The Air Force’s F-35A variant should still be certified to carry a pair of B61-12 bombs by fiscal year 2026 and the first flight test of a non-nuclear W87-0 warhead mockup should still fly on a Ground Based Strategic Deterrent (GBSD) missile in December 2023, the head of Air Force Global Strike Command said Thursday.
And the missile might have a catchier name by the time of the scheduled test flight, Gen. Anthony Cotton told attendees of an online forum hosted by the Advanced Nuclear Weapons Alliance.
Asked when the replacement for Minuteman III might get a name comparable with its predecessor’s, Cotton said Air Force had already picked out a handle for the GBSD.
“It’s in between my ears right now,” Cotton said, adding that a formal announcement would follow, once the Secretary of Defense signs off on the service’s choice.
GBSD, to be built by Northrop Grumman [NOC], is scheduled to replace the Boeing [BA] made Minuteman III fleet starting in 2030 or so. The first GBSD missiles will use the W87-0, a Minuteman III warhead to be adapted for the new rockets in a test flight still scheduled to launch from Vandenberg Air Force Base late in calendar year 2023.

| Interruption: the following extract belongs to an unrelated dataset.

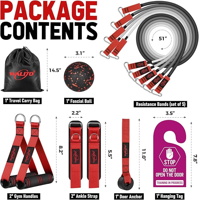 WALITO Resistance Bands Set - Exercise Bands with Handles, Door Anchor, Legs Ankle Straps, for Heavy Resistance Training, Physical Therapy, Muscle Training, Yoga, Home Workouts, Gym Equipment

GBSD will cost more than $250 billion over its decades-long deployment, the Air Force has said. In addition to W87-0 warheads, the missile eventually will carry W87-1 warheads: newly manufactured copies of the W87 design, but with a brand new plutonium pit to be cast at factories planned for the Department of Energy’s Los Alamos National Laboratory and Savannah River Site.
Meanwhile, Cotton said the schedule for certifying Air Force F-35s to internally carry a pair of B61-12 gravity bombs is laying flat. That, for now, signals a suspension of the schedule creep disclosed earlier this year in the service’s budget request, which pushed certification out to 2026 from 2025.
The National Nuclear Security Administration (NNSA) in November finished the first war-ready copy of B61-12, which will homogenize four existing versions of the bomb and arrive with what the Air Force has described as modest earth-penetrating and standoff capabilities, the latter thanks to a guided tail kit from Boeing that will allow the weapon to maneuver a little after it’s dropped from a carrier plane.
The NNSA plans to start mass production of B61-12 in May, depending on when the agency certifies that the proof-of-concept article produced in November meets military requirements. With the tail kit, B61-12 will cost roughly $12 billion, Pentagon and NNSA budget documents show. The refurbed weapon will be good for another 20 years, NNSA estimates.
B61-12 carrier craft will eventually include the B-2 bomber, the planned B-21, the F-15, F-16, F-35, and the German-made PA-200, according to the Air Force Nuclear Weapons Center.